Although I am a cis-woman I speak with experience of meeting and talking to transgender people, as I supported my spouse through transition and have accompanied her to many social events run by the transgender community. ‘Outskirts’ in Birmingham, the English city where we used to live, was a huge source of support.
Stop for a moment, and inhabit your own body, like on those mindfulness courses. Now imagine that, like Gregor Samsa changing into an insect in Kafka’s Metamorphosis, you have changed in the blink of an eye and been given a new body: that of the opposite sex. A whole new set of societal expectations rise up in front of you like a wall. People – maybe even people close to you, like your family and friends – reject you for not being what you said you were, what you were supposed to be.

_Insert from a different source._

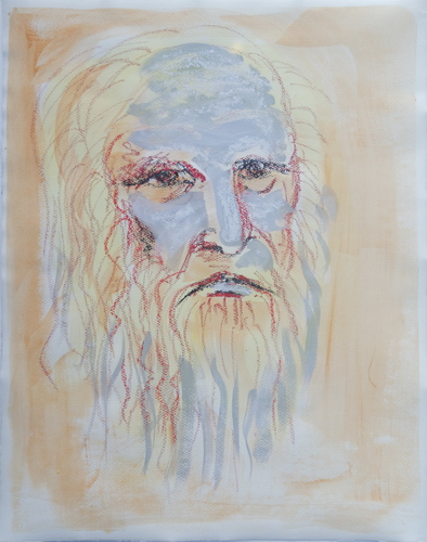 Leonardo da Vinci Acryl und Ölkreide auf Bütten / acrylic and oilsticks on handmade paper, 62 x 50 cm, 2014

People with gender dysphoria express a sense that they have been born into the wrong body. They desperately try to conform to the gender norms set by society while feeling that these are the wrong ones. Eventually they affirm their innate sense of gender and in doing so are able to be content in their own skin. Transition does not happen overnight, nor is it an all-or-nothing process; it is achieved haltingly, fearfully, perhaps incompletely, and with much soul searching along the way. Some don’t make it through transition because it’s just too difficult. Tragically, some choose to end their own lives.

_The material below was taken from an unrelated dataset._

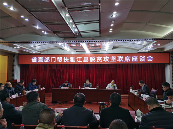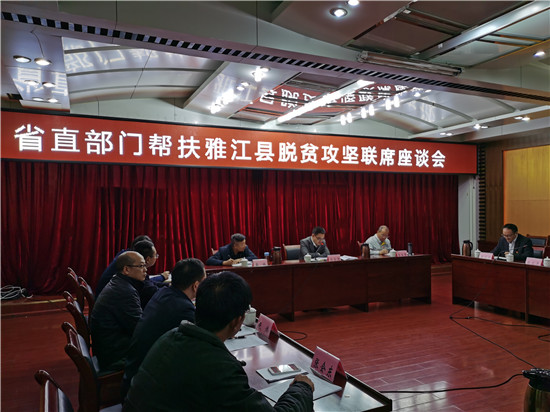 会上,雅江县委书记刘宗建同志代表雅江县委、县政府做了脱贫攻坚工作汇报,介绍了雅江县情况概述和发展状况,并从全面构建攻坚体系、立足就业产业发展、抓实基础设施建设、抓实民生内力短板、狠抓对口帮扶、抓实大排查问题整改等六个方面详细介绍了雅江县脱贫攻坚工作做法和取得的成效;省委军民融合办、雅砻江流域水电开发有限公司、雅职院、四川轻化工大学、宜宾市第二人民医院和民航西南管理局六家帮扶单位进行了交流发言,樊先茂从坚持开展村医技能轮训提升基层医疗服务能力、坚持开展巡回义诊推进医疗送健康、积极研究藏区地方性疾病治疗模式、推进教育培训与校园文化建设提升基层教育水平、持续支持村集体经济发展优化产业项目和支部共建提升精神文明建设成果六个方面介绍了学院的帮扶情况,受到了省政府领导、雅江县委政府及帮扶牵头单位省军民融合办的高度肯定。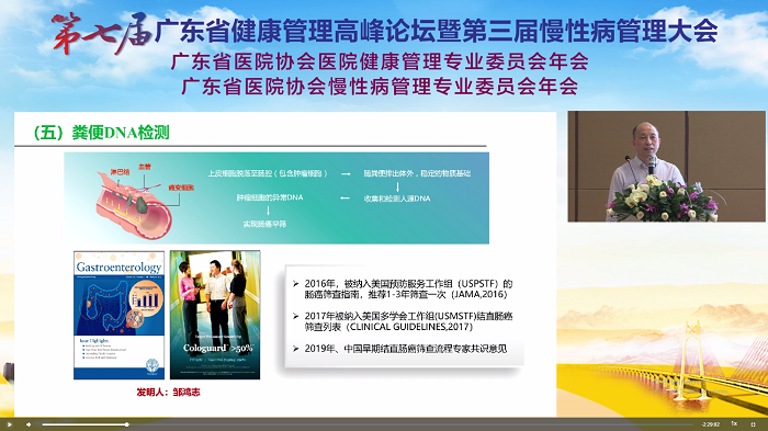 廣東省人民醫(yī)院協(xié)和醫(yī)療中心主任、廣東省醫(yī)院協(xié)會醫(yī)院健康管理專委會主任委員陳煉以《中國癌癥早篩的機遇與挑戰(zhàn)》為題作主題演講時,重點介紹了糞便SDC2基因甲基化PCR檢測對結(jié)直腸癌早期診斷的效果。

Gender dysphoria is unconnected with sexual orientation and trans people are no more likely to be sexual predators than anyone else. Probably less likely, in fact. Personally, I have always felt very safe around trans people and the LGBT+ community as a whole. In fact in Birmingham it was common to see groups of cis-women on Hurst Street in the gay quarter. Some were lesbians and others were straight women looking for a night out somewhere they felt safe.
The whole scenario that JK Rowling envisages, whereby a man dresses up as a woman in order to access women’s toilets or changing facilities and carry out sexual assault, probably belongs in one of her novels. In reality, it is an incredibly drastic step for a man to dress as a woman and go out in public. Running the gauntlet of the neighbours’ spying eyes as they go out means that they often make-up at home but take their outfits with them and get changed in a safe place. Most trans-women, especially on their first outings, are absolutely terrified that a member of the public will notice that they are of male birth gender, or even worse, that they will comment on it. Can you imagine how that would feel – and then how awful, how humiliating it would be, if forced to use the male toilets? Fortunately more and more public facilities are designed to be non-gendered.

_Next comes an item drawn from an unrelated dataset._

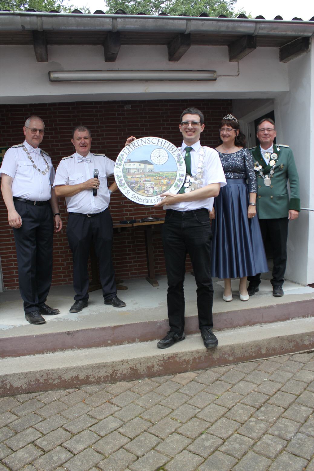 Letztere waren dafür beim Schießen auf die Ehrenscheibe erfolgreich: Schützenkönig Daniel Schüller holte mit dem besten Schuss die von Dr. Ernst Gierlich in Handarbeit gefertigte und bemalte Holzscheibe, die in diesem Jahr das ehemalige Hotel/Restaurant „Heimatblick“ zeigt.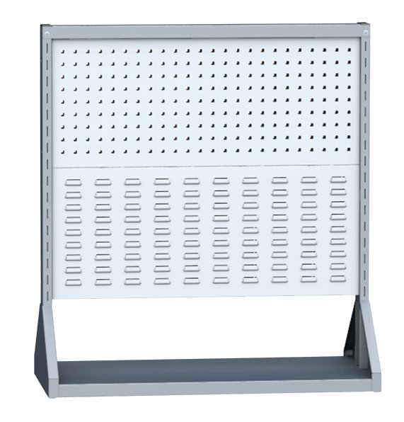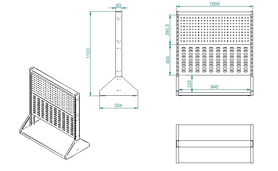 Fixed double-sided perforated stand for 4 panels. Used for hanging tools and plastic boxes. Overall dimensions of the stand in mm (H x W x D) 1103 x 1000 x 504.

So, dear Reader, give trans-women a break. Be grateful if it isn’t happening to you. And if you encounter a trans-woman, please remember to speak of ‘her’ and ‘she’, and be kind.
P.S.
Having ‘e-discussed’ this blog post with friends I just wanted to add that, yes, people can be unsympathetic, but my spouse and I have also experienced warmth and support from many sources: her workplace before we left the UK; her mom; our friends; a sympathetic article in the Irish Times and the supportive reaction from my colleagues here in Ireland after it was published; our neighbours here in Ireland; even the recruitment firm I dealt with when job hunting in Ireland. And when out and about in Ireland, the general public don’t make discourteous comments. If we’re in a bar or a cafe the staff will usually address us as ‘Ladies’ or even ‘Love’. That might be more to do with the high level of good manners here than with any strongly held progressive views!